-- EXERCISE PROMPT --
Write out exactly, with both ends included, the lines that run from the line containing "Make up Barbie" to the end of the entries. Pictures are not part of the answer.

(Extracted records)
:::

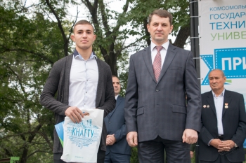 Впервые на торжественной линейке ректором университета Э.А. Дмитриевым были вручены золотой, серебряный, бронзовый студенческие билеты первокурсникам – активным участникам конкурсно-проектного блока «Университетский олимп», также трем лучшим студентам-спортсменам 1-го курса были подарены буклеты КнАГТУ с автографом терхкратного олимпийского чемпиона по греко-римской борьбе, Героя России А.А. Карелина, который посетил наш университет во главе делегации именитых спортсменов-борцов в рамках празднования 85-летия со дня образования города Юности.
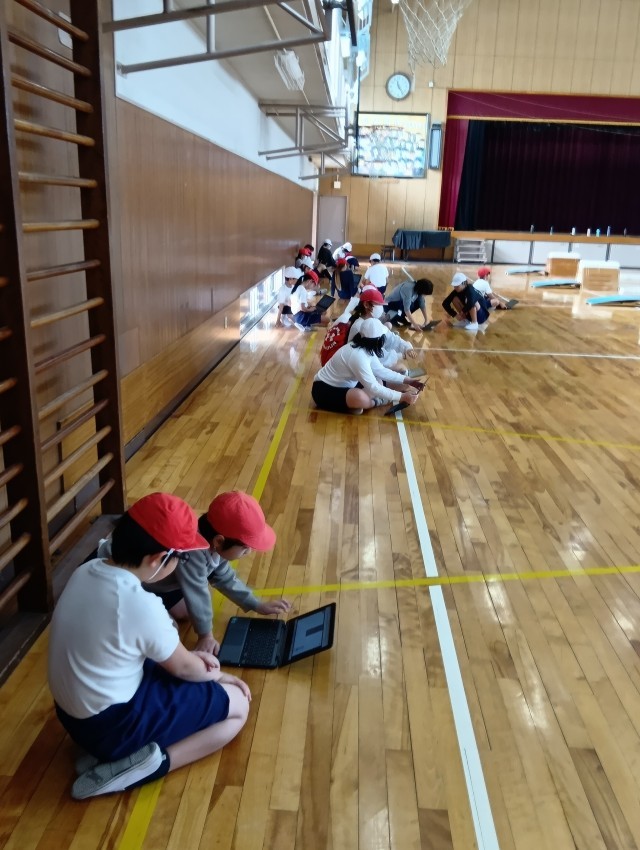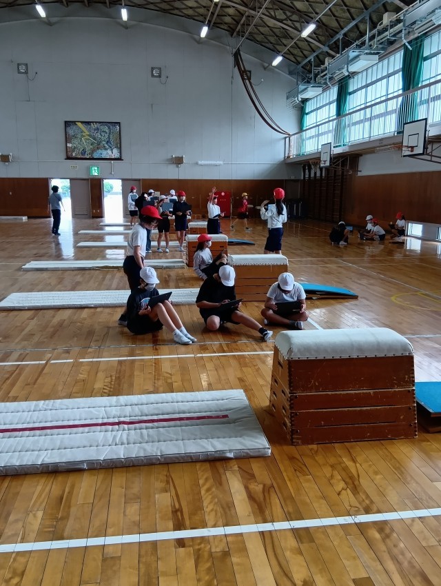 1組は体育の授業。集まって何してるのかなと思い質問したら、アドバイスの観点とその内容をタブレットに書いていると教えてくれました。すぐ共有できるので便利そうでした。その後、実際に跳んでうまくできてるところをさらに助言していました。
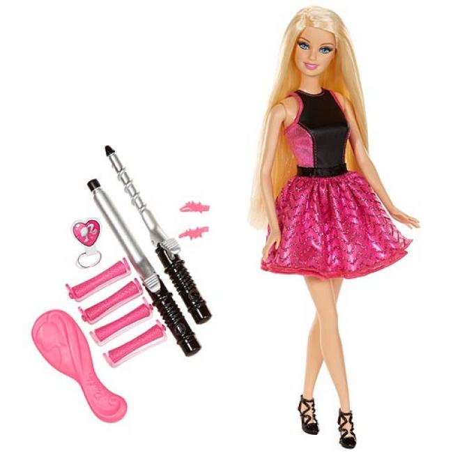 Make up Barbie like never before! Girls can curl her entire head of long luxe hair! Three different types of no-heat curling tools (2 irons and a set of traditional rollers) offer different curled looks and endless styling possibilities. Style even more with the 2 barrettes and included hair bands (with label art!). Then use the tools or included signature-style brush to straighten Barbie s hair and start all over - just like in real life!
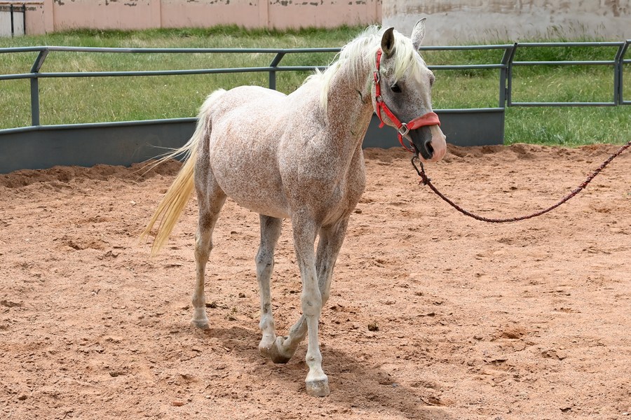 This photo taken on Aug. 6, 2023 shows a Shandan stallion at the Shandan Horse Breeding Farm in Shandan County, Zhangye City, northwest China's Gansu Province. (Xinhua/Fan Peishen)
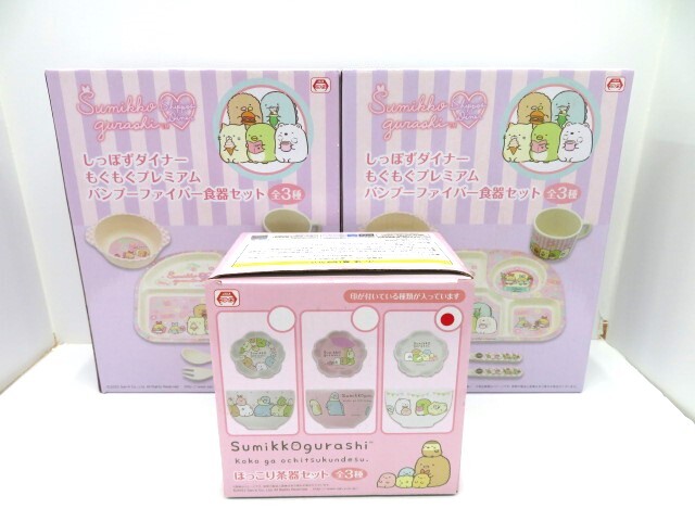 > [あ1] 未使用 すみっコぐらし バンブーファイバー 食器セット パープル2セット & ほっこり茶器セット 計3セット 箱付き

:::

-- WRITTEN REPLY --
 Make up Barbie like never before! Girls can curl her entire head of long luxe hair! Three different types of no-heat curling tools (2 irons and a set of traditional rollers) offer different curled looks and endless styling possibilities. Style even more with the 2 barrettes and included hair bands (with label art!). Then use the tools or included signature-style brush to straighten Barbie s hair and start all over - just like in real life!
 This photo taken on Aug. 6, 2023 shows a Shandan stallion at the Shandan Horse Breeding Farm in Shandan County, Zhangye City, northwest China's Gansu Province. (Xinhua/Fan Peishen)
 > [あ1] 未使用 すみっコぐらし バンブーファイバー 食器セット パープル2セット & ほっこり茶器セット 計3セット 箱付き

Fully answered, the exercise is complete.